+++ Data block

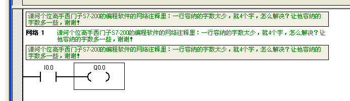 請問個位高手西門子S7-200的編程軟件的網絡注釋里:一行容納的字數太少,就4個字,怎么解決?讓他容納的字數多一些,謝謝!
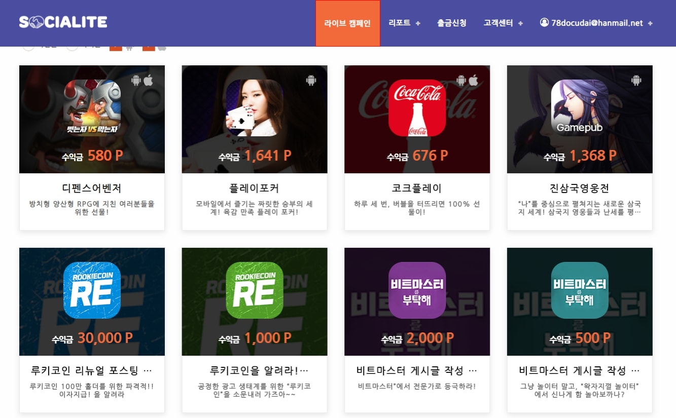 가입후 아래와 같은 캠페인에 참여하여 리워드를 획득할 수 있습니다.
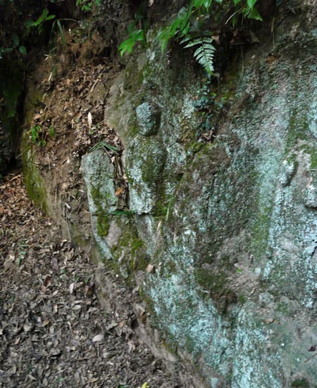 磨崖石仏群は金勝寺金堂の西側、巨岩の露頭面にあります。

++++++

→ Instructions to follow: Write the material out again exactly. Do not include the pictures.

→ Solution to this exercise:
 請問個位高手西門子S7-200的編程軟件的網絡注釋里:一行容納的字數太少,就4個字,怎么解決?讓他容納的字數多一些,謝謝!
 가입후 아래와 같은 캠페인에 참여하여 리워드를 획득할 수 있습니다.
 磨崖石仏群は金勝寺金堂の西側、巨岩の露頭面にあります。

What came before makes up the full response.